REQUIREMENT
Reproduce, word for word, the lines in the material below starting with the one that has "Многие представительницы прекрасного" and going on through the one that has "Cama alta con". Leave out all pictures.

SUPPLIED INFORMATION
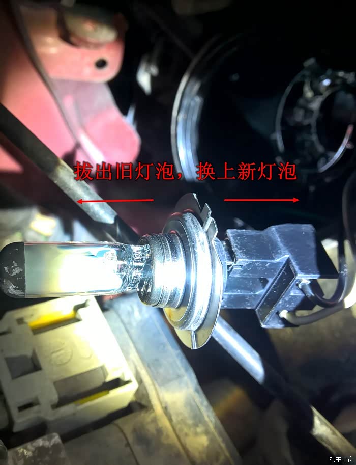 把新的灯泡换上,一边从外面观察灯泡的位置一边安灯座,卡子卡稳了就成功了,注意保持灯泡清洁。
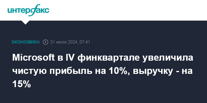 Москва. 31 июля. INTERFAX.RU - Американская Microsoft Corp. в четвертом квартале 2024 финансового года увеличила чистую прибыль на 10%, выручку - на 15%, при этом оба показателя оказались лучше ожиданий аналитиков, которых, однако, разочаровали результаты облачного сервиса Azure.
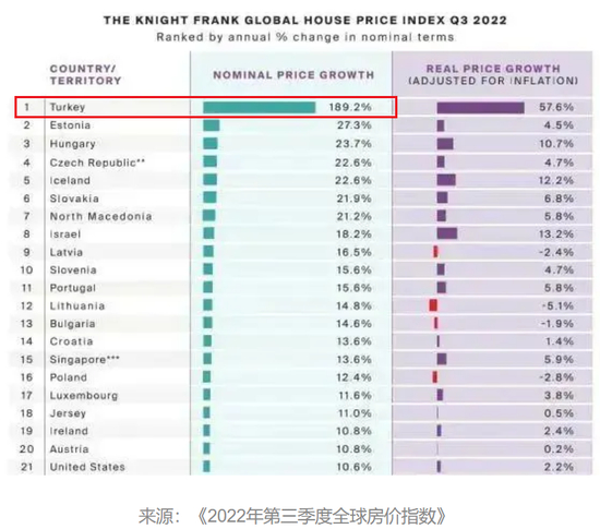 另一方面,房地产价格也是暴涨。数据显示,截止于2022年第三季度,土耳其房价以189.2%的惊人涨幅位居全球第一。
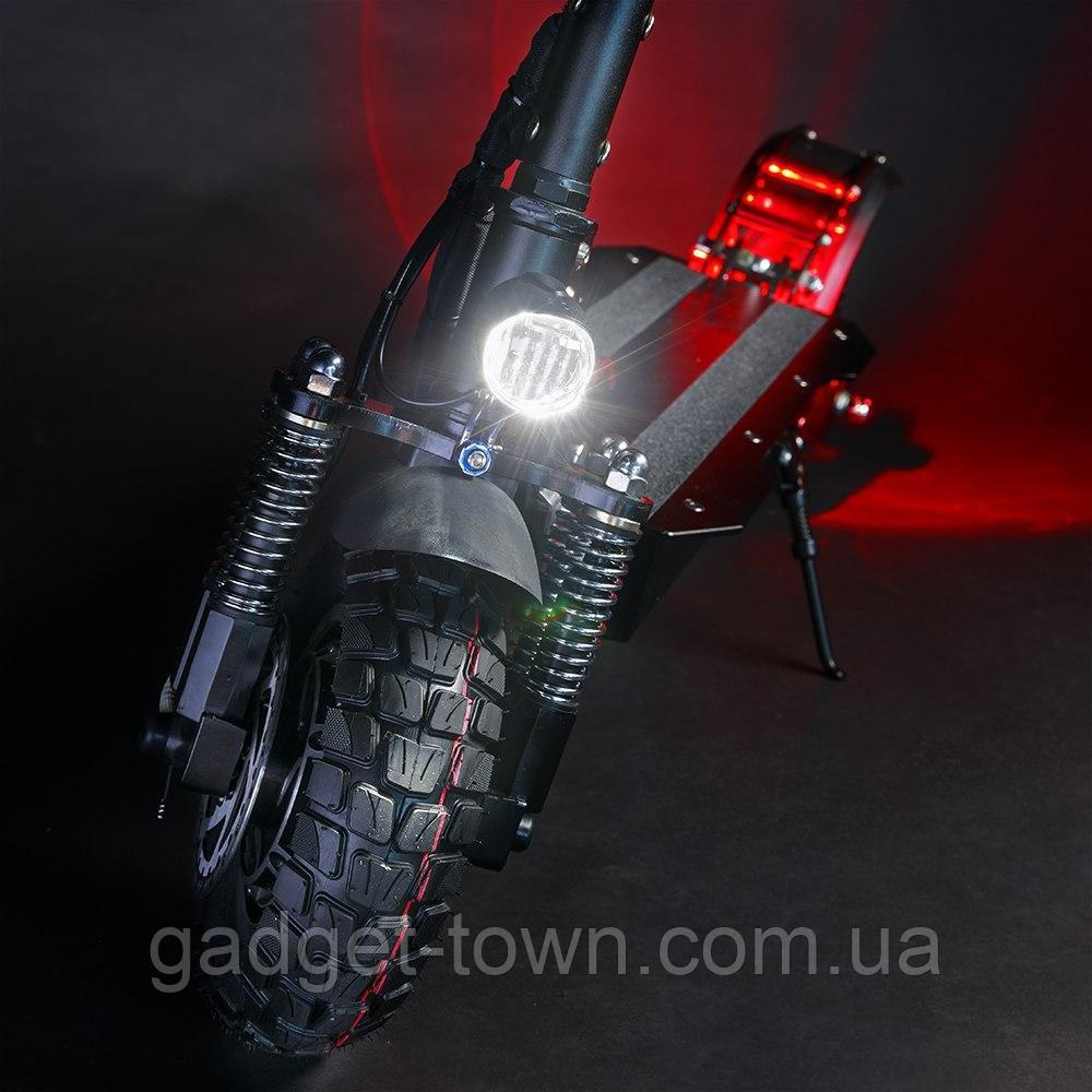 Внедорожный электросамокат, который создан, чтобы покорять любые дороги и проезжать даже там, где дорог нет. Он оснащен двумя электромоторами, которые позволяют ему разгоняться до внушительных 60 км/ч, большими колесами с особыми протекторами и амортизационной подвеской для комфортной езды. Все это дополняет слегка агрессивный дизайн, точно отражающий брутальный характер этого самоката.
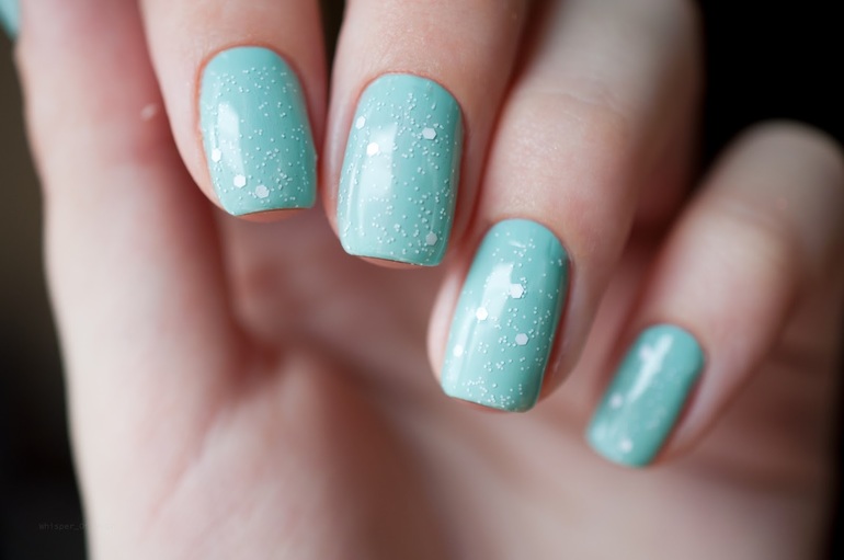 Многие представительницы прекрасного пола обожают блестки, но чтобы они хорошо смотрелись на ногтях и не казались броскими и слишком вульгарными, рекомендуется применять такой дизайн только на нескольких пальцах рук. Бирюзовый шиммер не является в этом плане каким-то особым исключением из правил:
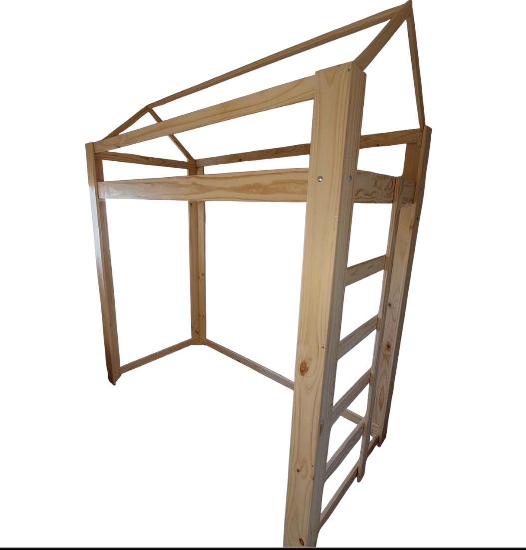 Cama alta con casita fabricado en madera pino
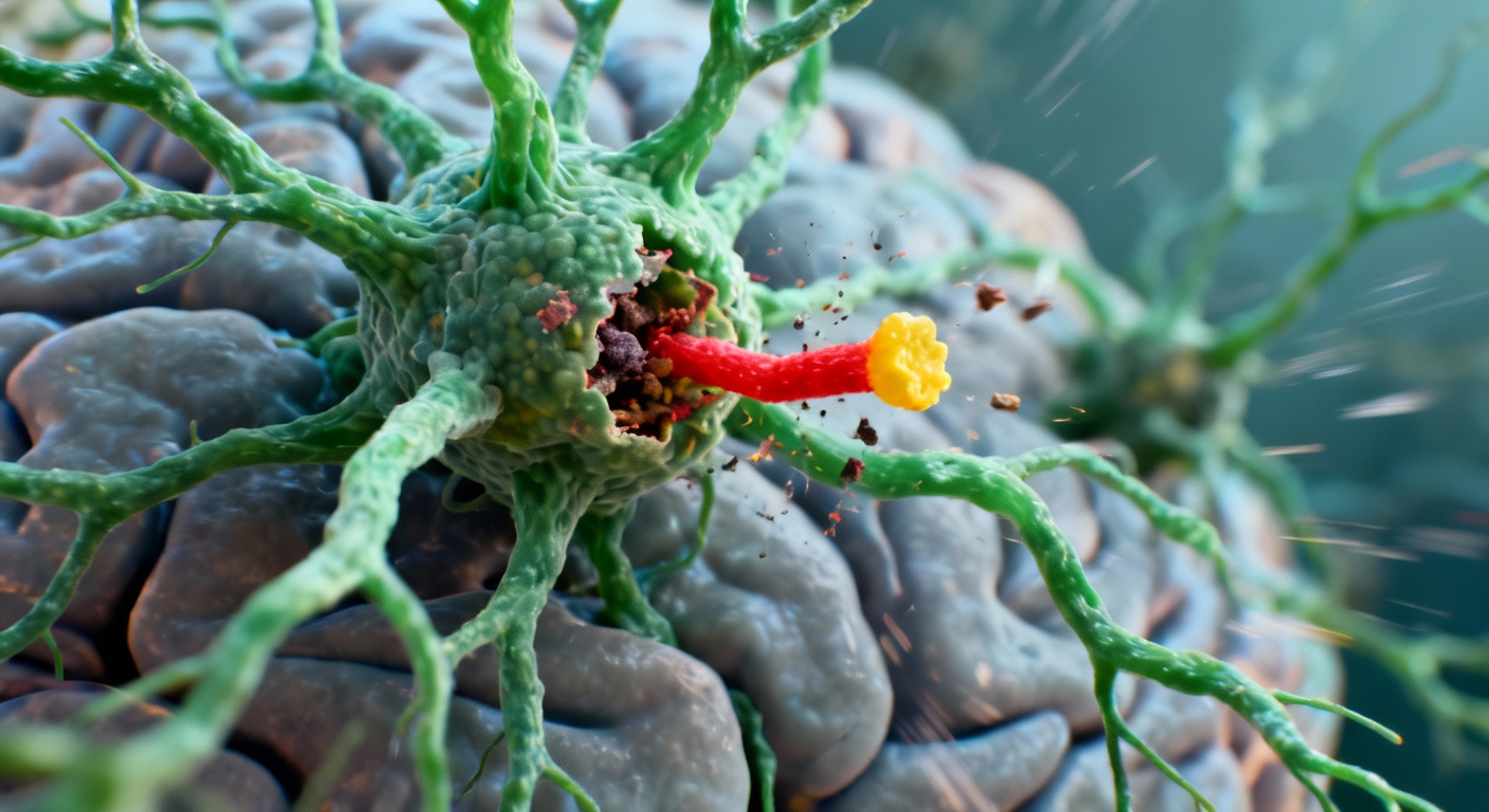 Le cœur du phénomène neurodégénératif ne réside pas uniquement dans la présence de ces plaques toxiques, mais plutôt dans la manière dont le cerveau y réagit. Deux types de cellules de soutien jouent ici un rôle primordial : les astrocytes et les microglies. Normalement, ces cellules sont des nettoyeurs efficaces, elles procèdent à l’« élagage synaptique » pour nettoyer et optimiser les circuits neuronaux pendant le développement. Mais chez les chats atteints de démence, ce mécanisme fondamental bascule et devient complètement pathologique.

REPLY
 Многие представительницы прекрасного пола обожают блестки, но чтобы они хорошо смотрелись на ногтях и не казались броскими и слишком вульгарными, рекомендуется применять такой дизайн только на нескольких пальцах рук. Бирюзовый шиммер не является в этом плане каким-то особым исключением из правил:
 Cama alta con casita fabricado en madera pino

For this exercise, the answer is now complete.